Comme prévu dans le plan d’action de lutte contre l’agrile du frêne, lorsque l’espace est suffisant, un arbre sera éventuellement planté pour remplacer chaque frêne abattu, précise-t-on dans un communiqué de presse.

Rappelons qu’une collecte spéciale de résidus de frêne d’un diamètre inférieur à 20 cm a été organisée par la Ville de Sherbrooke entre le 29 octobre et le 2 novembre.

Dans ses dépenses en immobilisations, l’administration du maire Steve Lussier avait prévu l’injection de 150 000 $ pour poursuivre le combat contre l’agrile du frêne en 2019.

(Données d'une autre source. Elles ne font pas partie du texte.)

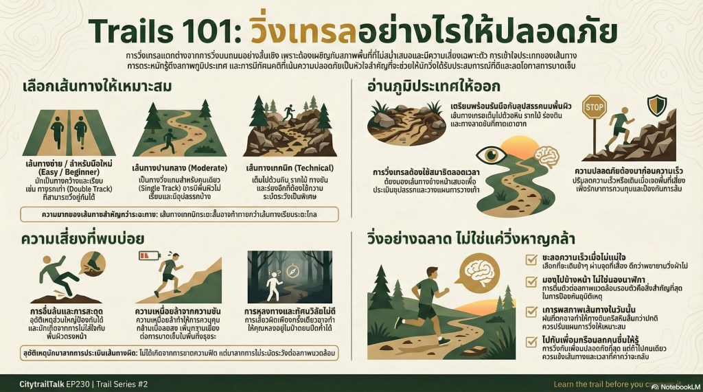 ลองจินตนาการว่าคุณกำลังยืนอยู่ ณ จุดเริ่มต้นของเส้นทางเดินป่า แสงแดดยามเช้าส่องลอดผ่านใบไม้ลงมากระทบพื้นดินเบื้องหน้า คุณได้ยินเสียงนกร้องและรู้สึกถึงลมเย็นๆ ที่พัดผ่าน แต่ในใจกลับเต็มไปด้วยความรู้สึกที่หลากหลาย ทั้งความตื่นเต้นที่จะได้ผจญภัยและความประหม่าเล็กน้อยเมื่อนึกถึงคำศัพท์ที่ไม่คุ้นเคยอย่าง ‘single-track’ หรือ ‘technical trail’ คุณอาจกำลังสงสัยว่า “เราจะเริ่มต้นจากตรงไหน?” หรือ “ต้องเตรียมตัวอย่างไรบ้าง?”

En septembre dernier, la Ville a modifié son règlement concernant l’agrile du frêne, qui est présent sur le territoire depuis plus longtemps qu’on le pensait. Le nouveau règlement éliminait ainsi le délai pour l’abattage de frênes atteints, interdit l’abattage de frênes sains, sauf si les arbres sont remplacés, et le traitement au TreeAzin sera possible pour tous les propriétaires qui souhaitent garder leur frêne.

Les propriétaires privés doivent par ailleurs obtenir un permis d’abattage pour tous les frênes de plus de 10 cm et il est interdit de procéder à l’abattage entre le 31 mars et le 31 octobre.